Writers of all levels, skills, and experiences, from many backgrounds and with varying degrees of publishing credits—from The New York Times bestsellers to those who’ve never shared anything they’ve written—will learn not only how to write better but how to live a productively creative life.
Wiley Cash, of Wilmington, will give the Keynote Address on Friday evening. His debut novel, A Land More Kind than Home, won the Southern Independent Bookseller Alliance Book Award and the John Creasey New Blood Dagger Award from the UK's Crime Writers' Association. His second novel, This Dark Road to Mercy, was a SIBA Okra Pick and has been optioned to film. His new novel is The Last Ballad, about the real-life 1929 Loray Mill strike and the murder of balladeer Ella Mae Wiggins. Cash is writer-in-residence at the University of North Carolina-Asheville and teaches in the Low-Residency MFA Program in Fiction and Nonfiction Writing at Southern New Hampshire University.
Saturday’s luncheon will feature the documentary CreativeNC, by Dev T. Smith. The film, which debuted at the North Carolina Museum of History, sheds light on what it's like to be a creative in a country fueled by industrial ideals.

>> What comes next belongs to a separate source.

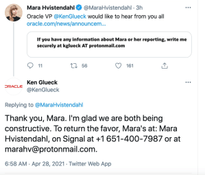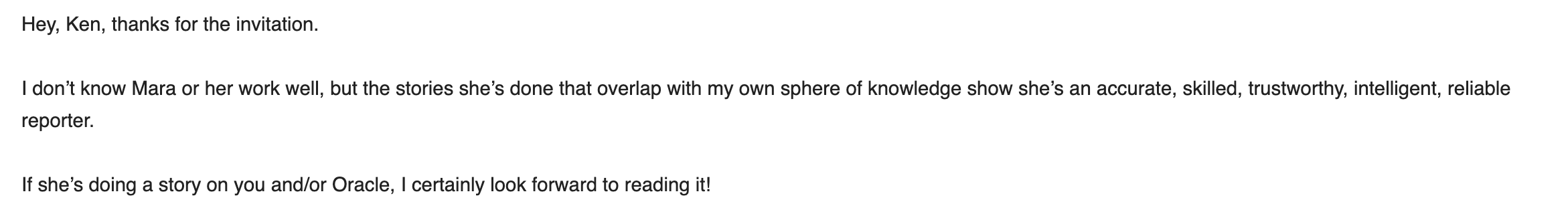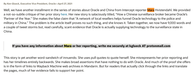 Rule number two: Don’t attack reporters; attack (if you must) the outlet. In Glueck’s first diatribe against The Intercept over its February piece, he mentions the outlet 26 times and the author of the piece once. In Glueck’s newest salvo against The Intercept, he refers to its author, reporter Mara Hvistendahl, 22 times — mostly by her first name — and even invites readers of Oracle’s blog to reach out to him about her, writing in boldface: “If you have any information about Mara or her reporting, write me securely at kglueck AT protonmail.com.”

On Saturday night, the Fall Conference Network Banquet will celebrate fifty years of the North Carolina Arts Council with special guest Susi H. Hamilton, Secretary of the North Carolina Department of Natural & Cultural Resources. As Secretary, Hamilton has focused on economic development, ensuring children and families have a chance to succeed by encouraging companies to bring well-paying jobs to Southeastern NC. She is also a strong advocate for preserving Wilmington’s historic district.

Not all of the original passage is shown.